Anthropic's Extended Thinking is a proprietary feature not supported by other models. It is automatically disabled when using third-party models.

### 3. Prompt Caching Unavailable

`cache_control` is an Anthropic-specific feature. Prompt caching won't work with third-party models (but won't cause errors — it's silently ignored by `drop_params`).

### 4. Tool Calling Compatibility

This project heavily uses tool calling (tool_use). LiteLLM automatically translates Anthropic's tool_use format to OpenAI's function_calling format. This works in most cases, but some complex tool calls may have compatibility issues. If you encounter problems, try using a more capable model (e.g., GPT-4o).

### 5. Telemetry and Non-Essential Requests

Configure these environment variables to avoid unnecessary network requests:
```
DISABLE_TELEMETRY=1
CLAUDE_CODE_DISABLE_NONESSENTIAL_TRAFFIC=1
```

---

## FAQ

### Q: LiteLLM proxy returns `/v1/responses` not found?

Some OpenAI-compatible services only support `/v1/chat/completions`. Add this to your LiteLLM config:

```yaml
litellm_settings:
  use_chat_completions_url_for_anthropic_messages: true
```

### Q: What's the difference between `ANTHROPIC_API_KEY` and `ANTHROPIC_AUTH_TOKEN`?

- `ANTHROPIC_API_KEY` → Sent via `x-api-key` header
- `ANTHROPIC_AUTH_TOKEN` → Sent via `Authorization: Bearer` header

LiteLLM proxy accepts Bearer Token format by default, so `ANTHROPIC_AUTH_TOKEN` is recommended.

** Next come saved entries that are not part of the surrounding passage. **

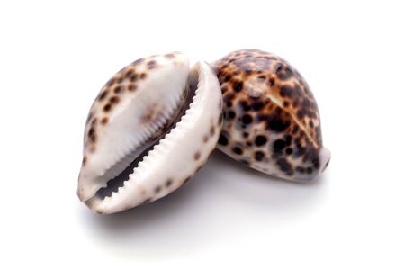 Cypraea Mauritania and Cypraea tigris shells isolated on white background
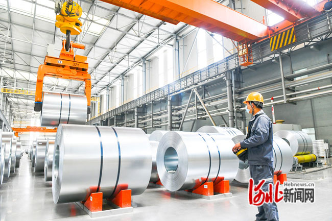 10月19日,承德釩鈦新材料有限公司車間正在吊裝釩鈦冷軋產品。河北日報通訊員劉士富攝
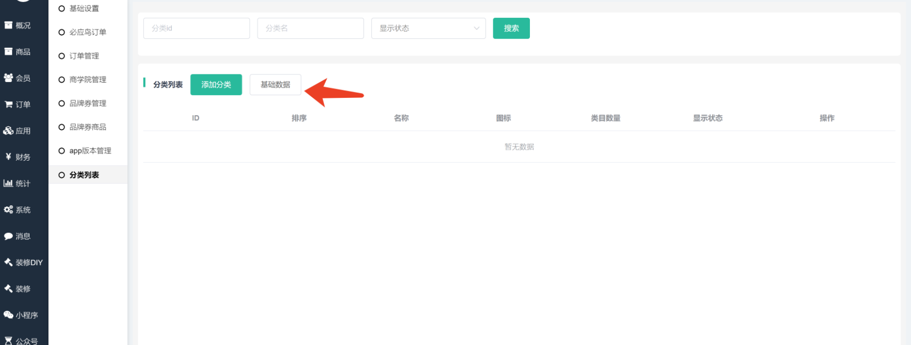 PS:如基础数据还在更新中,请勿添加新分类。
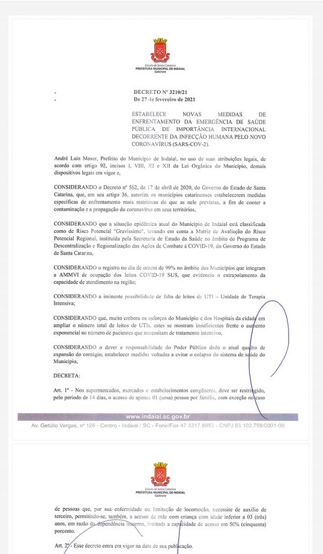 Na tarde de sábado, dia 27 de fevereiro, o prefeito de Indaial, André Moser, assinou o Decreto nº 3210/21, que estabelece novas medidas de enfrentamento à crise de saúde pública de importância internacional decorrente da infecção humana da Covid-19.
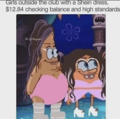 Apraksts: "Girls outside the club with a Shein dress, $12.84 checking balance and high standards"
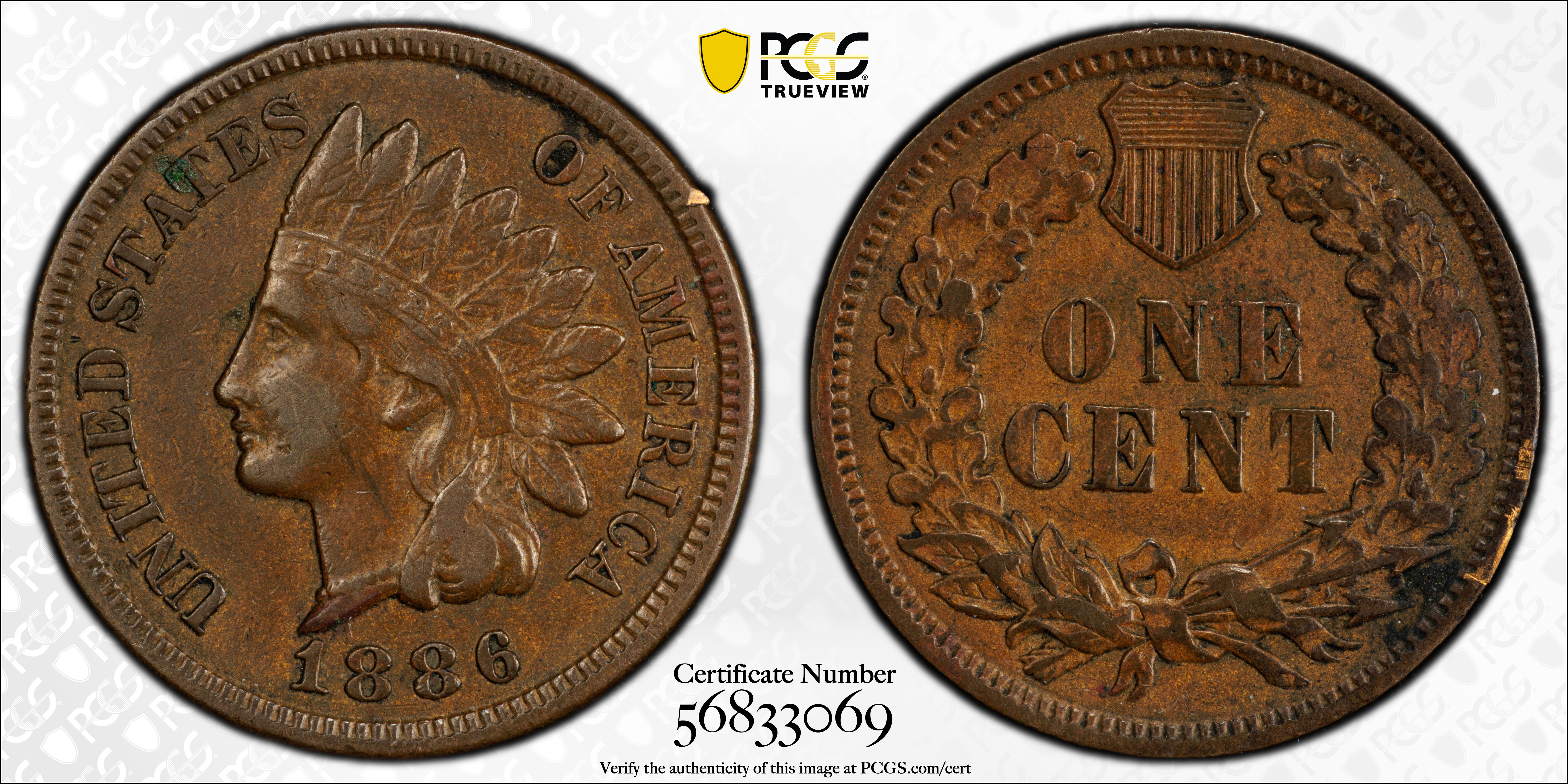The 1886 Indian Head Cent is a very common coin in most grades, but collectors have the opportunity to choose between two major varieties. On Variety 1, the lowest feather of the Indian's headdress points to the IC of AMERICA. On Variety 2, the same feather points to the CA of AMERICA. Variety 1 is slightly more common than Variety 2, but not by much. The same is true of all of the designations: Brown, Red-Brown, and Red. In terms of Mint State grades, both varieties can be found with relative ease in grades up to MS-64. The Red-Brown designation is the most dominant one for both varieties. Red examples appear to be roughly five times more rare then Red-Browns. The best examples certified by PCGS top out at MS66RD.
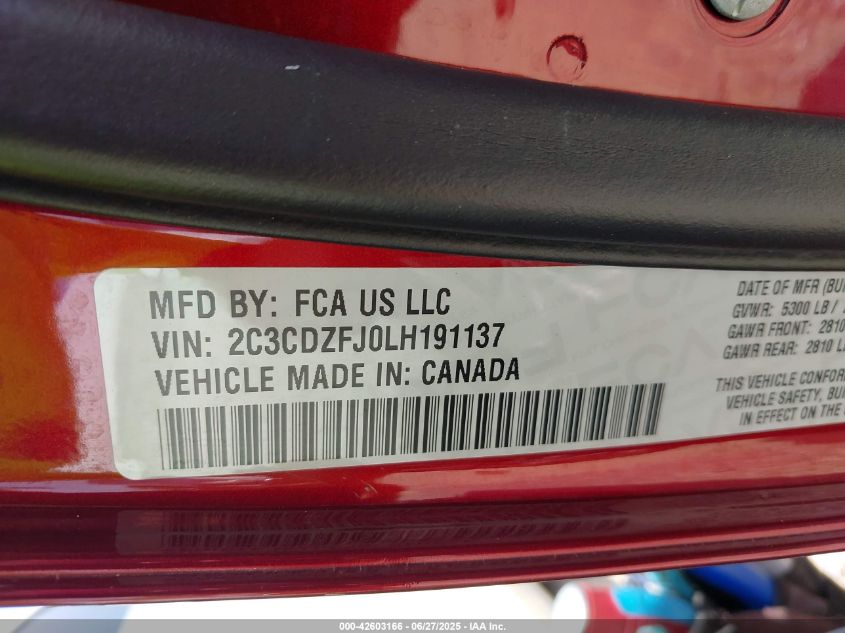 2020 DODGE CHALLENGER | 2C3CDZFJ0LH191137
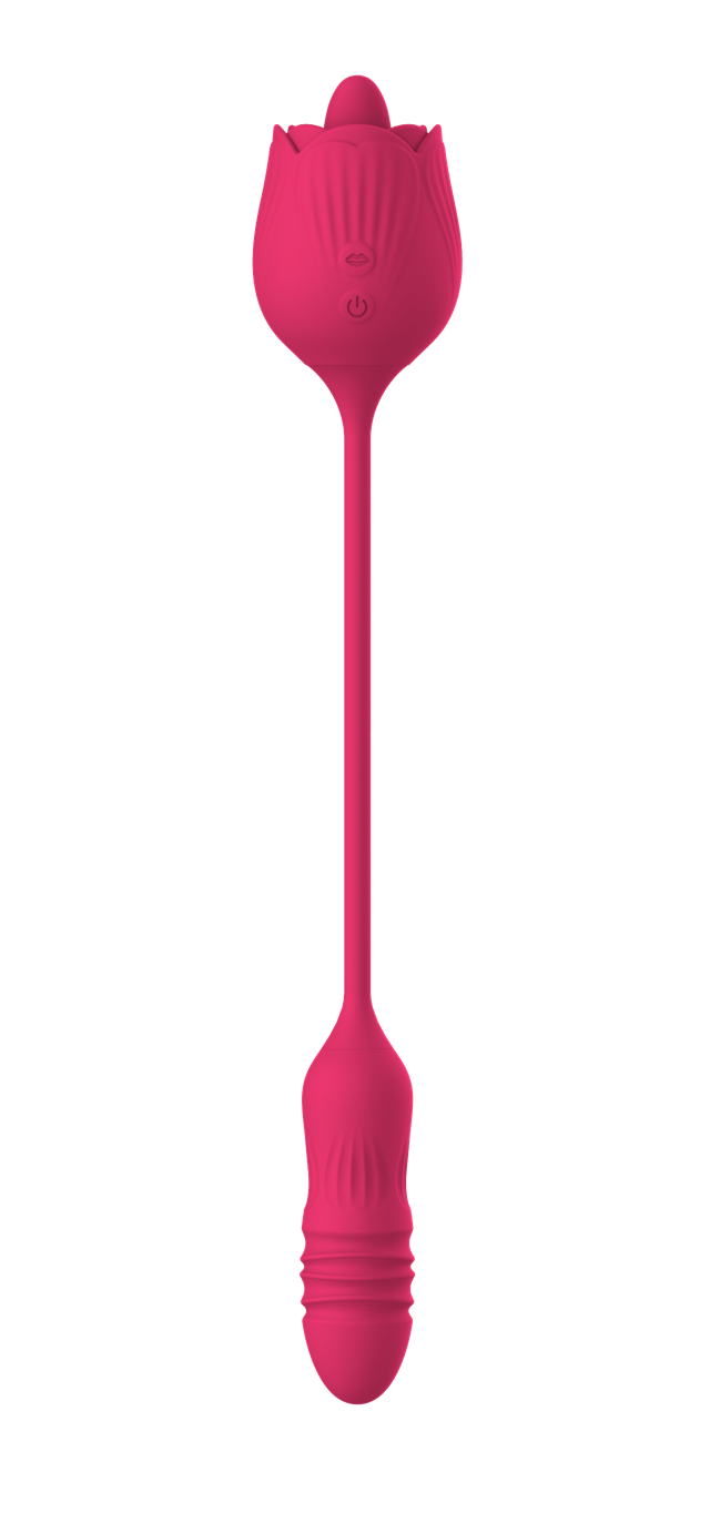 Tässä olisi erittäin monipuolinen seksilelu - toisessa päässä on klitorista imevä punainen ruusu ja toisessa päässä on sykkivä kuulavibra. Mitä muuta voisikaan enää toivoa?

### Q: Can I configure multiple models?

Yes. Define multiple `model_name` entries in `litellm_config.yaml`, then switch by changing the `ANTHROPIC_MODEL` value.

### Q: Local Ollama models don't work well?

This project's system prompts and tool calls require strong model capabilities. Use larger models (e.g., Llama 3 70B+, Qwen 72B+). Smaller models may fail to handle tool calling correctly.